Traders, investors, and speculators are all waiting for the main announcement that would name Donald Trump as the winner of the United States 2024 Presidential election. Information gathered from individual states at the time of writing this article clearly indicates a big win for Donald Trump.
If the U.S. presidential race does indeed result in a victory for Donald Trump, it’s likely to spark a range of reactions in both traditional and crypto markets. Trump’s previous administration had mixed reactions from investors, but his policies were generally seen as favourable to businesses, with deregulation efforts, tax cuts, and a focus on encouraging growth in certain sectors. For crypto markets, any favourable stance on blockchain and crypto innovation could continue to be a major catalyst for bullish sentiment, especially if Trump were to signal support for further regulatory clarity or adoption.
Some likely impact of a Trump win will be:
Bitcoin (BTC): Bitcoin, often viewed as a hedge against economic uncertainty and inflation, could see an uptick in demand if markets interpret Trump’s policies as leading to increased volatility in traditional financial systems or if there’s concern about inflation. Investors might flock to Bitcoin as a ‘safe haven,’ especially if they see a potential shift in fiscal or monetary policy.
Ethereum (ETH): Ethereum’s performance, on the other hand, might be more dependent on the broader trajectory of the DeFi (decentralised finance) and blockchain space, as well as any regulatory signals regarding smart contract platforms. If Trump’s administration adopts a relatively hands-off approach to crypto regulation, that could give Ethereum and other altcoins room to thrive. However, any uncertainty around Ethereum’s scalability or competition from other blockchain platforms could keep ETH from matching Bitcoin’s explosive growth.
One of the most anticipated aspects of a new presidential administration for the crypto industry would be regulatory clarity. Under Trump’s leadership, there could be efforts to either slow down or streamline the regulatory process surrounding cryptocurrencies, potentially making it easier for institutional investors and businesses to enter the market. If Trump were to take a more crypto-friendly stance than his predecessors, that could be a key driver for further adoption and price gains in both Bitcoin and Ethereum.

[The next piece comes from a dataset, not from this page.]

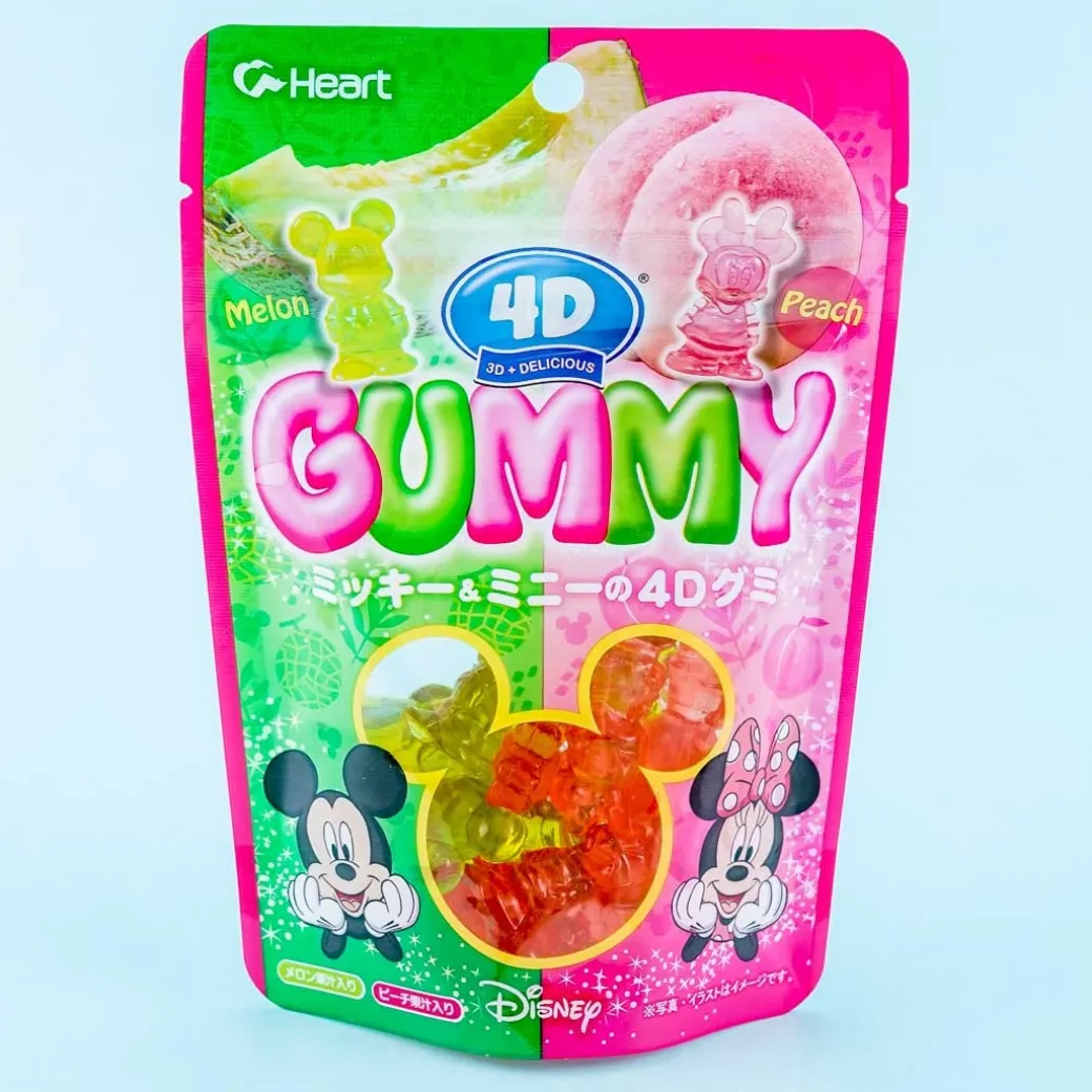 - Features both melon-flavored Mickey and peach-flavored Minnie Mouse gummies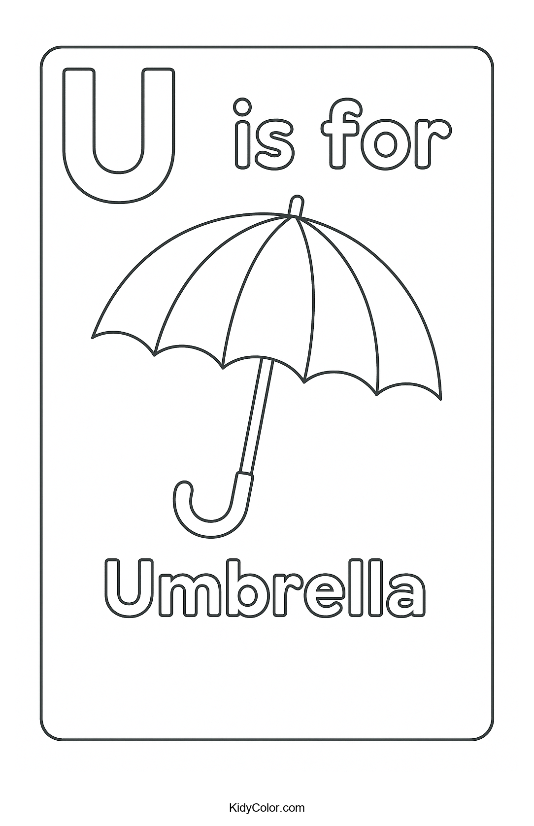Discover the perfect rainy day activity with our "U is for Umbrella" coloring page! This delightful image will spark creativity and help kids reinforce letter recognition while enjoying coloring a whimsical umbrella scene.

Depending on how Trump approaches international relations and trade, there could be a ripple effect that influences global markets. A more protectionist or isolationist stance might spur some investors to look more toward decentralised assets like Bitcoin, as traditional market channels and global trade relations could be seen as more unpredictable. On the other hand, any instability in U.S. foreign policy could push investors to seek safe-haven assets, and Bitcoin, as the first and most recognised cryptocurrency, could continue to benefit.
It will be interesting to see how things play out. In the meantime, tread with caution if you must enter the crypto market!